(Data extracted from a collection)
**********
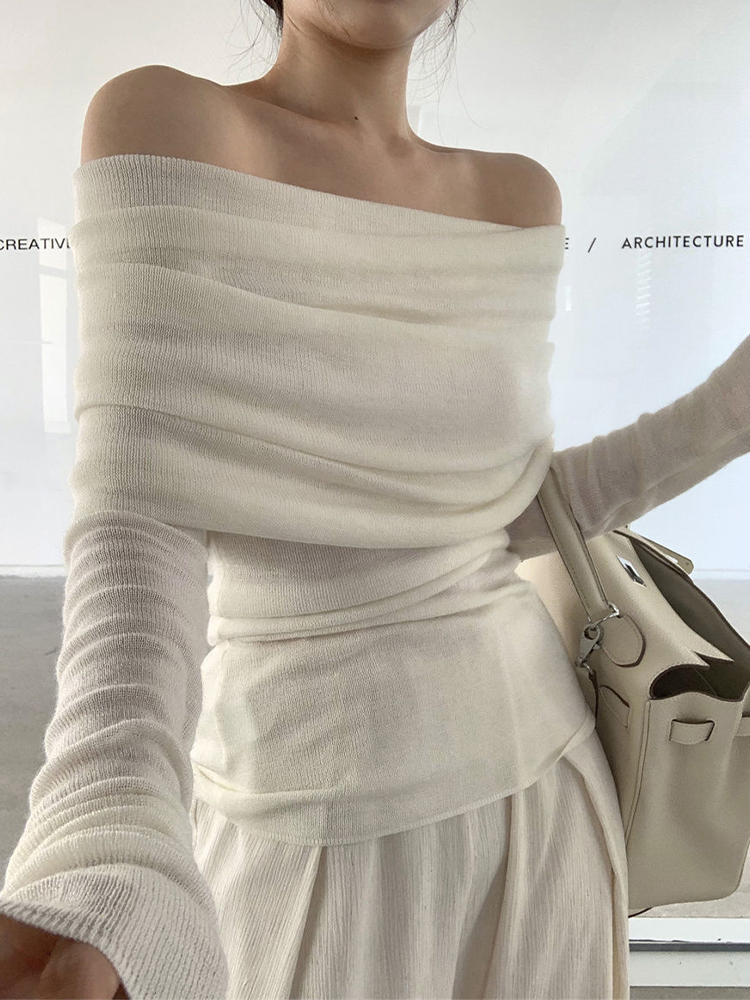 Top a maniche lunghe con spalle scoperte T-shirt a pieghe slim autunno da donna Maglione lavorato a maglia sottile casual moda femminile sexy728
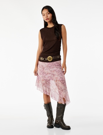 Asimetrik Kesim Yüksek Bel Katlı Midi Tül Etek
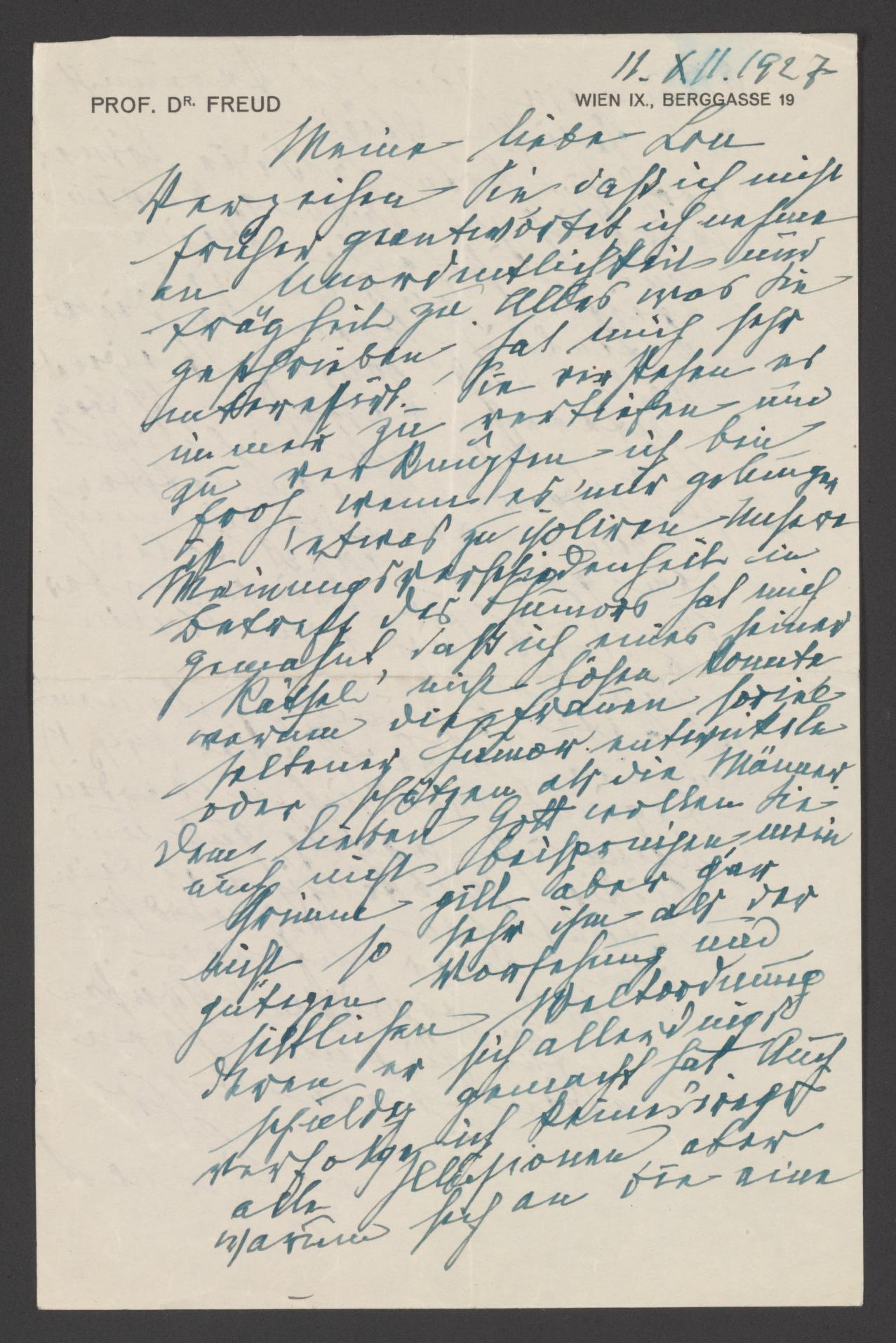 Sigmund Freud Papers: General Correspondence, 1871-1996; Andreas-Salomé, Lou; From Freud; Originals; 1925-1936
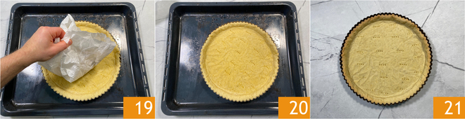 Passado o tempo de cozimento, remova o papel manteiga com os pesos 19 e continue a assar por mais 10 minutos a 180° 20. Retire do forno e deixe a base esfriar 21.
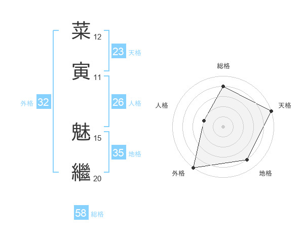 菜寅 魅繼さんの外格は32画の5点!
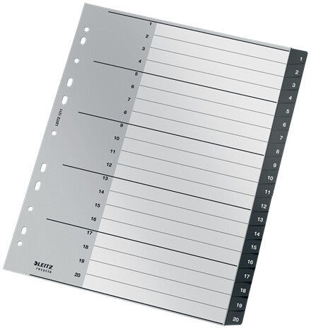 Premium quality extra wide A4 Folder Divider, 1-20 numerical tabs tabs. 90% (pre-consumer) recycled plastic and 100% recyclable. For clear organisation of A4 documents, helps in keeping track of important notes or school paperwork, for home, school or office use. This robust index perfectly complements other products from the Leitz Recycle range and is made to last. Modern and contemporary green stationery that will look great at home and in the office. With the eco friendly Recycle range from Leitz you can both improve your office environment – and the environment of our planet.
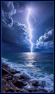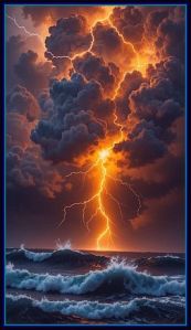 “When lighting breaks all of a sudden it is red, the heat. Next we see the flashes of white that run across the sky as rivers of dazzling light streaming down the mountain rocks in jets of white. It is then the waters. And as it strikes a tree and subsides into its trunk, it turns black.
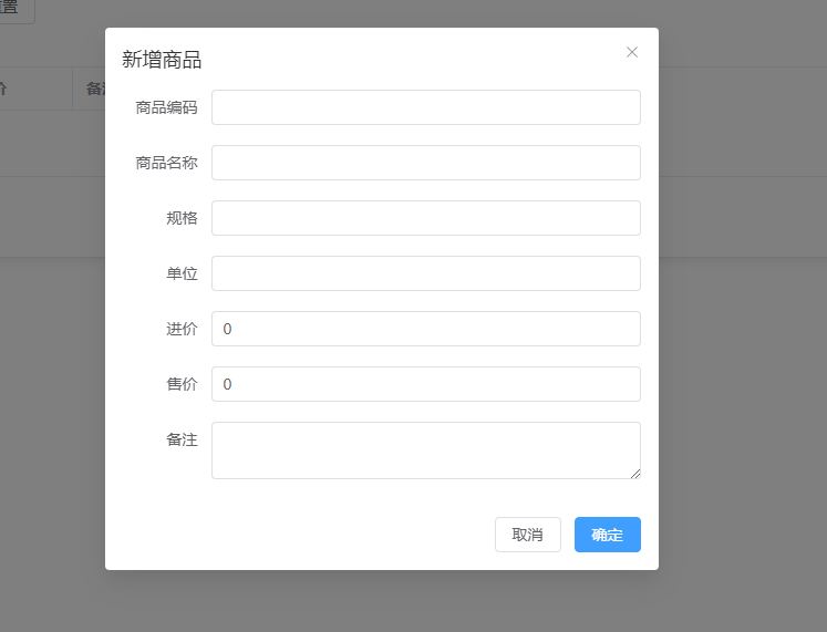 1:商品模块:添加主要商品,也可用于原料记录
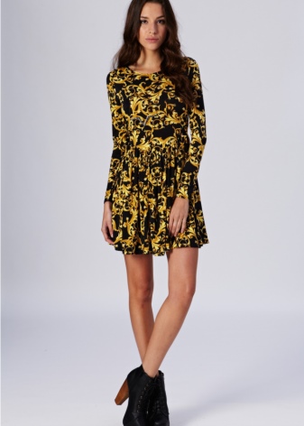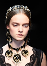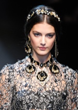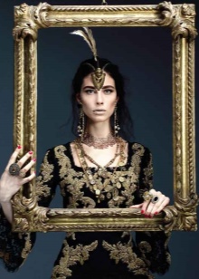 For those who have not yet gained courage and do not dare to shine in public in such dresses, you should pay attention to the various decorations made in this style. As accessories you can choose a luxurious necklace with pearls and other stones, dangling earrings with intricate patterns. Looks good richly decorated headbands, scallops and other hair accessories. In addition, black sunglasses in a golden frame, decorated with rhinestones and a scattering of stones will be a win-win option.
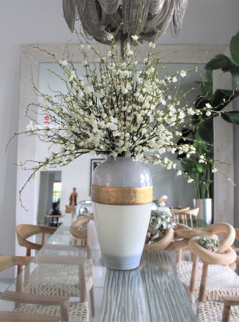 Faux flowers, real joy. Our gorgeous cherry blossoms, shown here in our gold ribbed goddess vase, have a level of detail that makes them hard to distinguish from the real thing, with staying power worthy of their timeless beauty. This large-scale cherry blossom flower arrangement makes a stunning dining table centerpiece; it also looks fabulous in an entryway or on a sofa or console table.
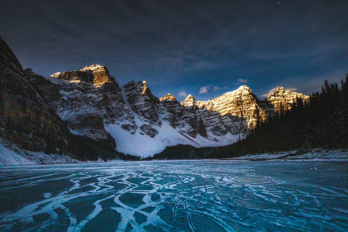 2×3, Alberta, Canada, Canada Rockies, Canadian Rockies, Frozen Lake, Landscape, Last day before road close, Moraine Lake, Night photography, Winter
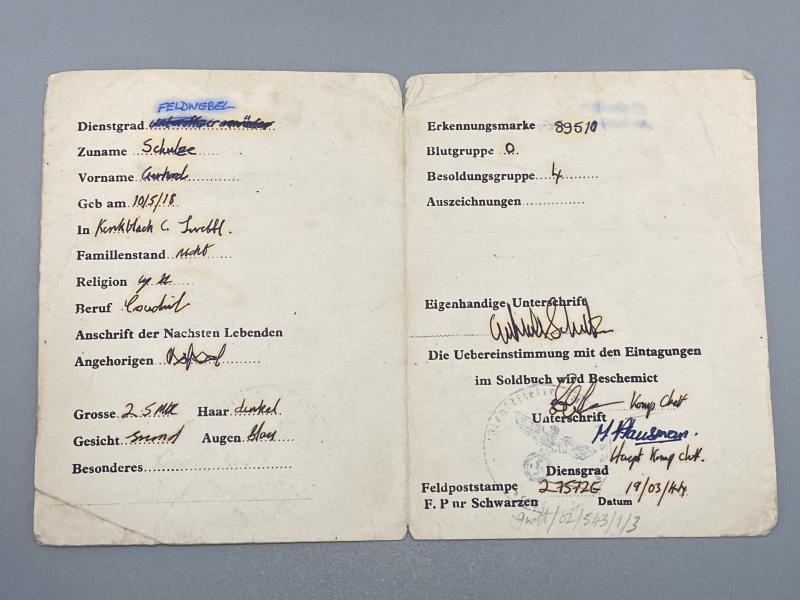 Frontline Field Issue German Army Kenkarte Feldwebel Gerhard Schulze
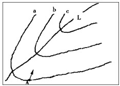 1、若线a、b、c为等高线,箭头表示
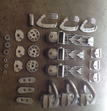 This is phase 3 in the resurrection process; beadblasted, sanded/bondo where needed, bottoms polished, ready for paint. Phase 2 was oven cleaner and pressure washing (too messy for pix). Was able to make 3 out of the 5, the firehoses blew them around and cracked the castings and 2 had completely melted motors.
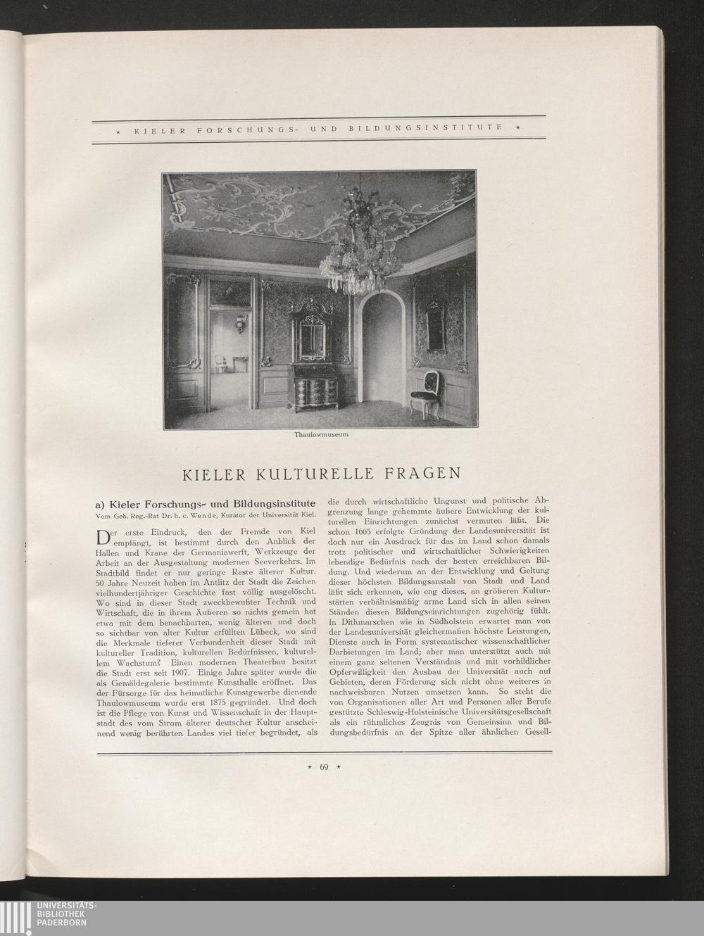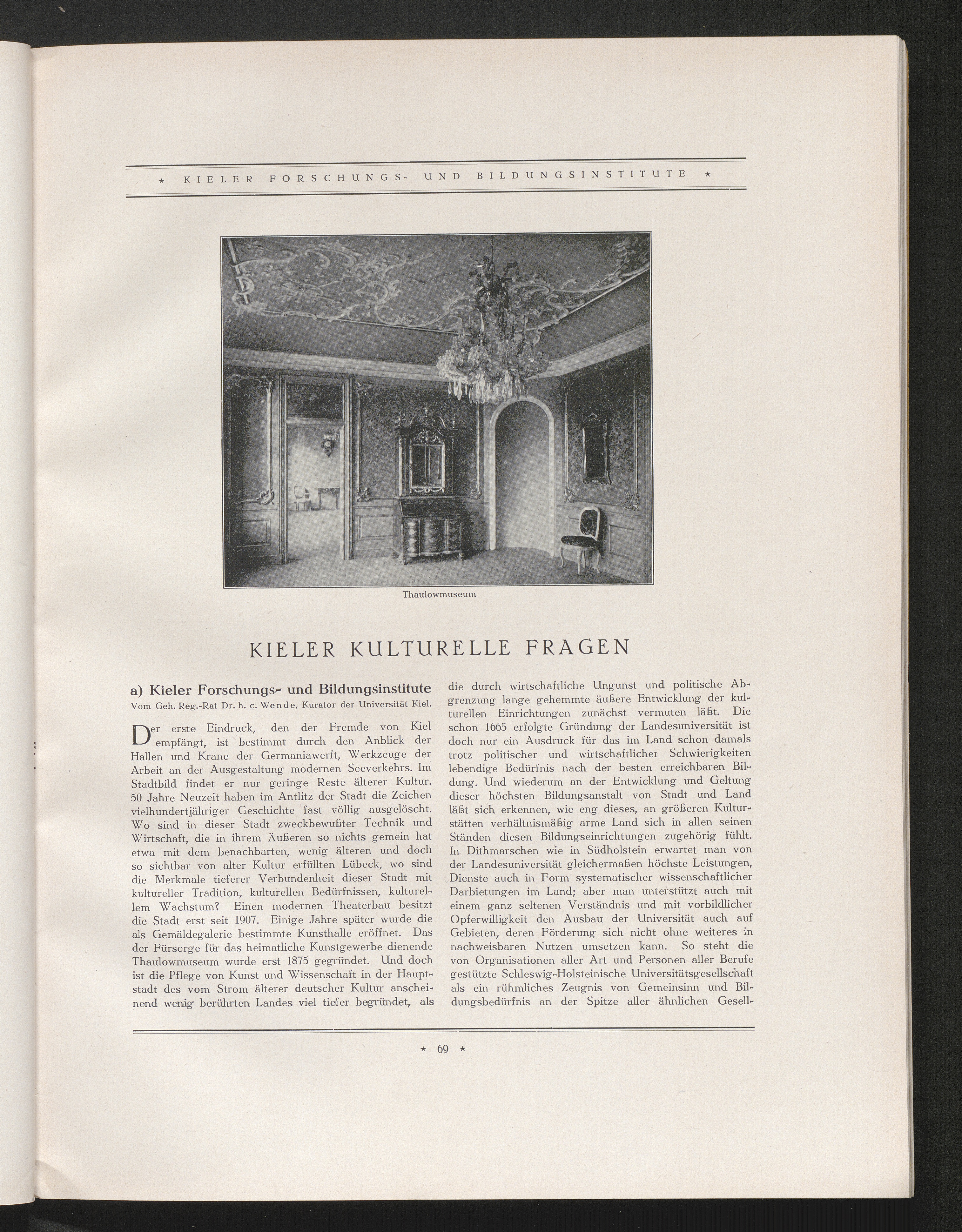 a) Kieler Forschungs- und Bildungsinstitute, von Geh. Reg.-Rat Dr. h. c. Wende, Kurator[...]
**********
Task details: Those lines of the records above that run from the one containing "1:商品模块:添加主要商品,也可用于原料记录" through the one containing "For those who" should be returned exactly, with no pictures among them.

Result of this task:
 1:商品模块:添加主要商品,也可用于原料记录
 For those who have not yet gained courage and do not dare to shine in public in such dresses, you should pay attention to the various decorations made in this style. As accessories you can choose a luxurious necklace with pearls and other stones, dangling earrings with intricate patterns. Looks good richly decorated headbands, scallops and other hair accessories. In addition, black sunglasses in a golden frame, decorated with rhinestones and a scattering of stones will be a win-win option.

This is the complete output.